NVIDIA Vera Rubin enters full production ahead of schedule — NVIDIA announced that its next-generation Vera Rubin AI platform, featuring seven new chips including the Rubin GPU with HBM4 memory delivering up to 288GB per GPU, is now in full production. The flagship NVL72 rack system packs 72 GPUs and 36 CPUs with 3.6 exaflops of inference performance, and AWS, Google Cloud, Microsoft, and CoreWeave will deploy Rubin-based instances in the second half of 2026 (NVIDIA Newsroom).

Neuro-symbolic AI slashes energy consumption by 100x — Researchers at Tufts University published results showing a hybrid neuro-symbolic approach that uses just one percent of training energy and five percent of operational energy compared to standard visual-language-action models, while achieving 95 percent accuracy on structured manipulation tasks versus 34 percent for conventional systems. The work will be presented at the International Conference on Robotics and Automation in Vienna in May (ScienceDaily).

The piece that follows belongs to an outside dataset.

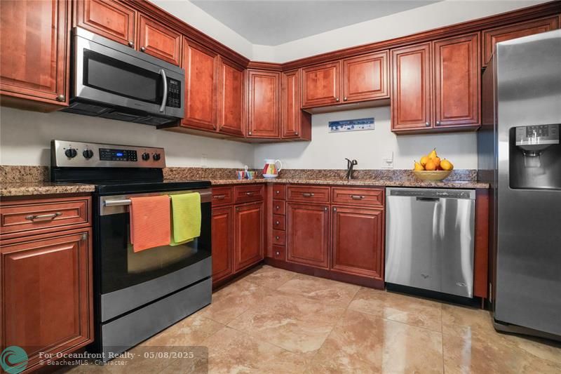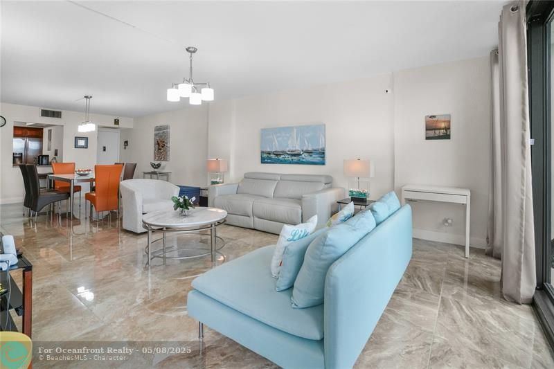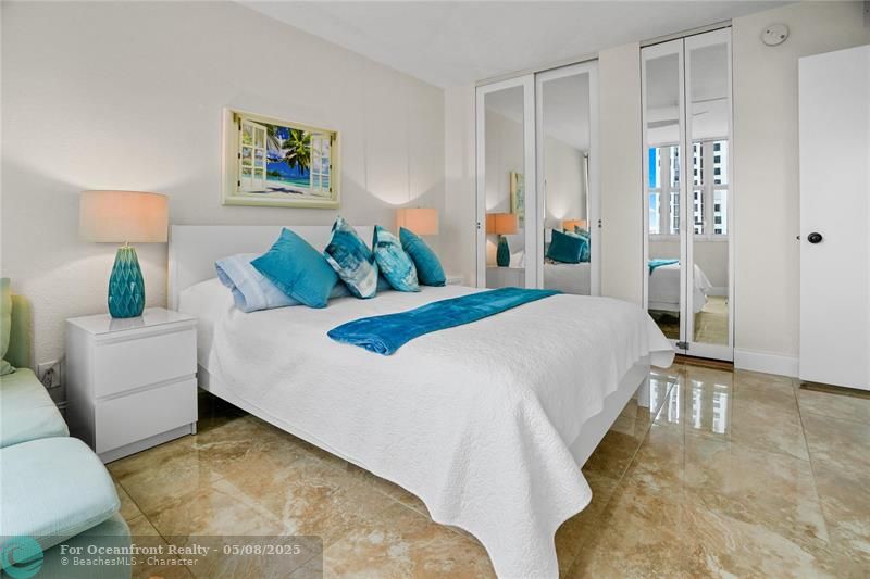 Beautiful and elegant 2 Bed, 2 Bath apartment, meticulously maintained with large wraparound balcony. Kitchen cabinets and bathroom vanities have been updated to complement luxurious granite countertops, with the floor being porcelain tile throughout. Updated with new hurricane impact windows and doors for improved safety and reduced noise from outside. Also comes with plentiful storage, with a spacious walk-in closet in the primary bedroom and 2 personal storage lockers just outside the unit on the same floor. Furniture negotiable.

Salesforce transforms Slackbot into an autonomous AI coworker — Salesforce unveiled more than 30 new AI-powered features for Slackbot, including reusable AI skills, Model Context Protocol integration for cross-app orchestration with Agentforce and Zoom, and desktop monitoring that follows users outside of Slack. Free and Pro plan users receive limited Slackbot conversations starting this month, with the full feature set rolling out through mid-2026 (TechCrunch).

Meta deploys MTIA chips across data centers to diversify from NVIDIA — Meta began rolling out its MTIA 300 custom AI inference chips across its data centers, with the MTIA 400 completing testing and three additional generations planned through 2027. Analysts estimate Meta aims to have over 35 percent of its inference fleet running on in-house silicon by year-end, though the company continues to operate large NVIDIA GPU clusters alongside its custom hardware (CNBC).

AI Scientist-v2 produces first fully AI-generated peer-reviewed paper — Sakana AI released The AI Scientist-v2, an agentic system that autonomously formulates hypotheses, designs experiments, analyzes data, and writes scientific manuscripts. One of its fully autonomous papers scored above the average human acceptance threshold at an ICLR 2026 workshop, marking the first instance of an entirely AI-generated paper successfully passing peer review (arXiv).